With a whopping 40g of muscle-ripping protein, you can enjoy this delicious dish with whatever vegetables you have lying around in the refrigerator, which is also a great way to help reduce food waste.
Nutrition (per serving)
Calories: 331; total fat: 15g; saturated fat: 4g; protein: 40g; carbohydrates: 9g; sugar: 3g; fiber: 2g; cholesterol: 118mg; sodium: 229mg
Recipe and photo by Ann Dunaway Teh and Lesley Baradel founders of My Menu Pal.
Makes 4 servings
- 1 Tbsp extra-virgin olive oil
- 6-8 chicken drumsticks
- 1/2 onion, sliced
- 1/2 red pepper, sliced
- 1/2 yellow peppers, sliced
- 1 lemon, cut into quarters
- 1/2 cup low sodium chicken broth
- 1 small bay leaf
- 1/2 tsp ground black pepper
How to make it
Preheat oven to 400°.
Heat oil in an oven-safe frying pan or Dutch oven over medium-high heat. Add the drumsticks, and cook for a few minutes on all sides, until the skin starts to brown a little.
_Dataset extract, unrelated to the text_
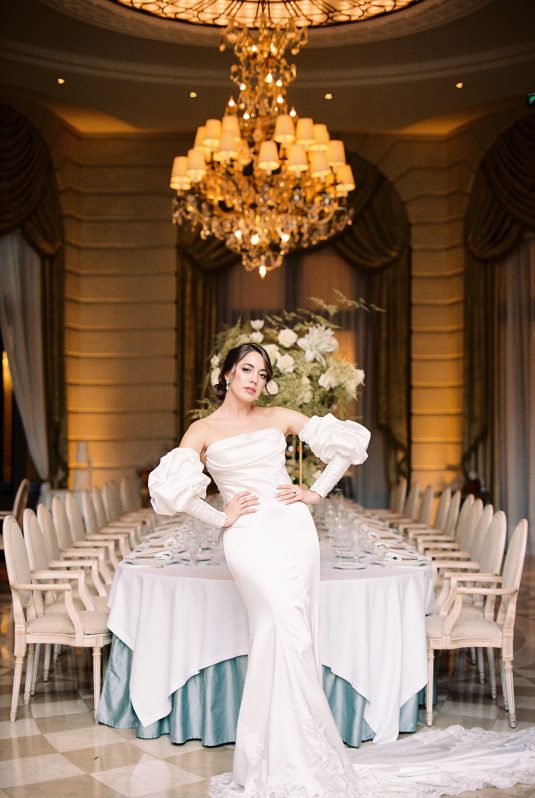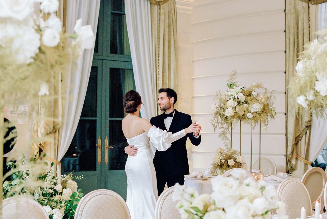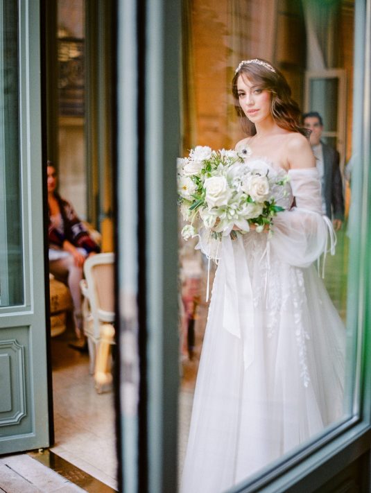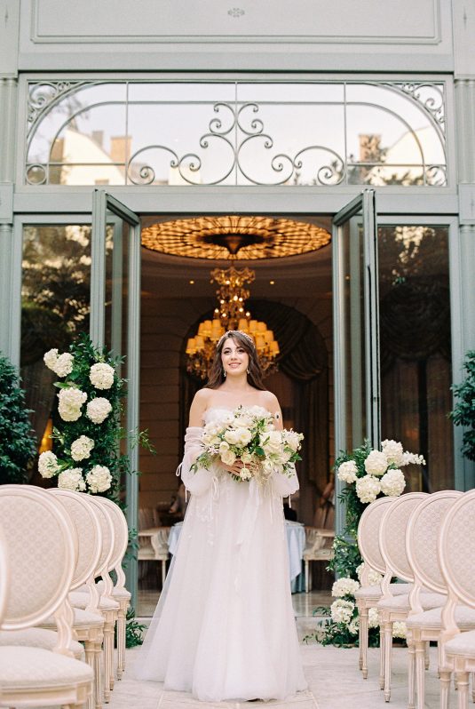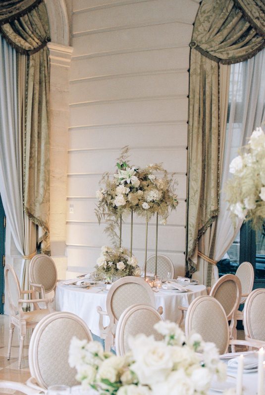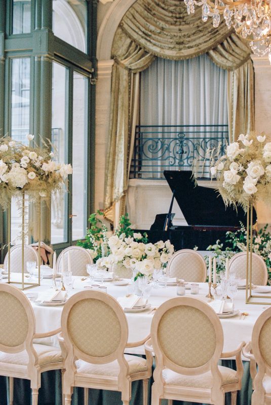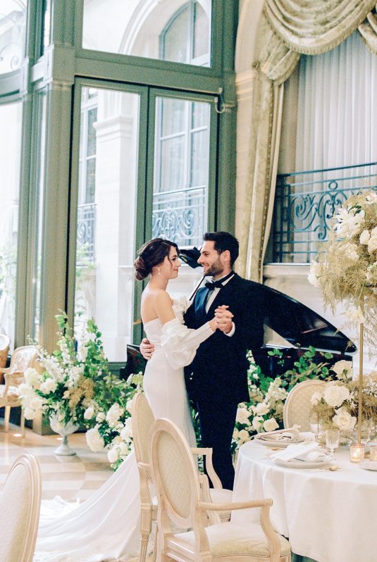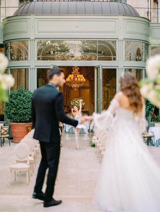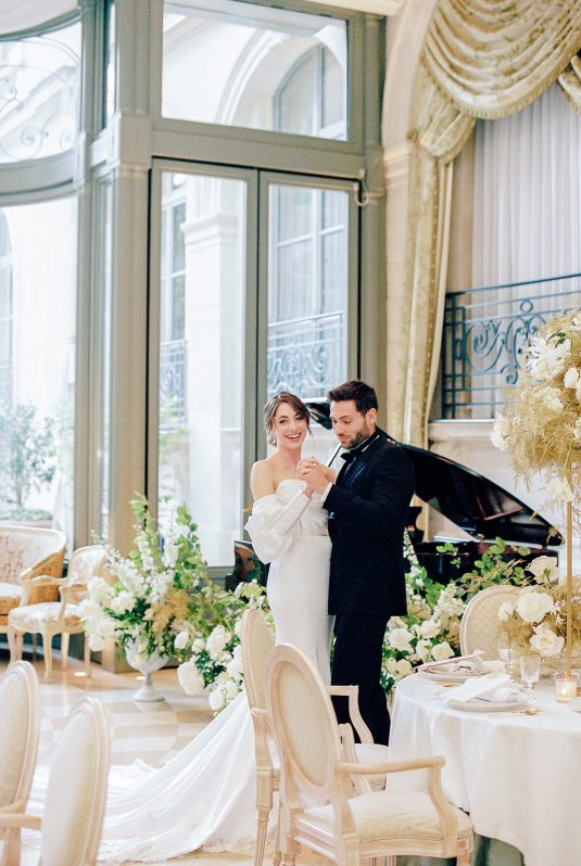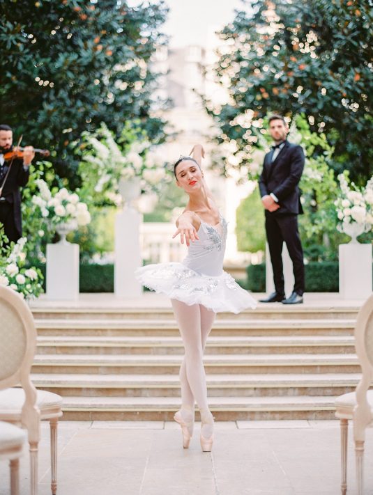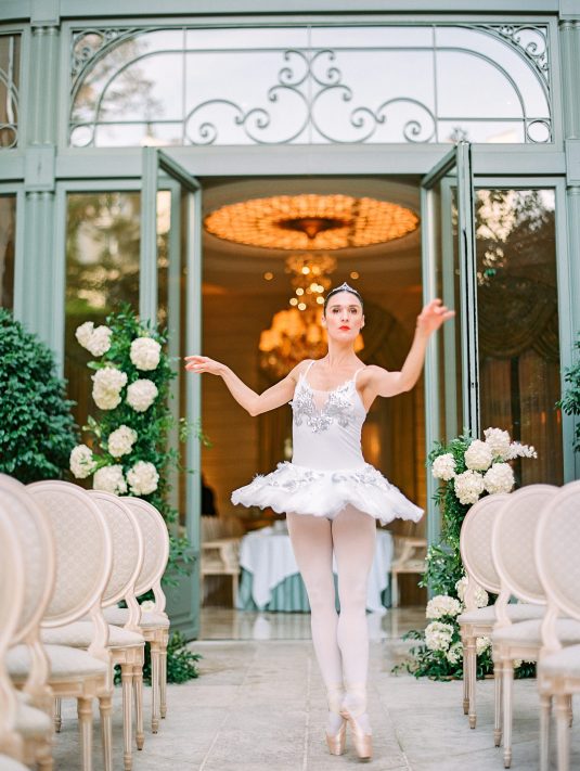 Bonjour, Paris! This styled shoot at The Ritz Paris takes design cues from Chanel, incorporating plentiful white florals and candles that smell just like Chanel #5 for a signature scent. The intimate wedding celebration is complete with live entertainment, including a violinist, a pianist, and a ballerina, as well as a several stunning fashion moments — because why settle for one look on the big day?

Add the rest of the ingredients to the pan, and stir gently to combine. Put pan in the oven and cook for 20 minutes.
Flip drumsticks over and bake for an additional 10 to 15 minutes—or until the chicken skin is golden, and the chicken is cooked through and reaches 165°. The stock should have reduced to a lemony sauce.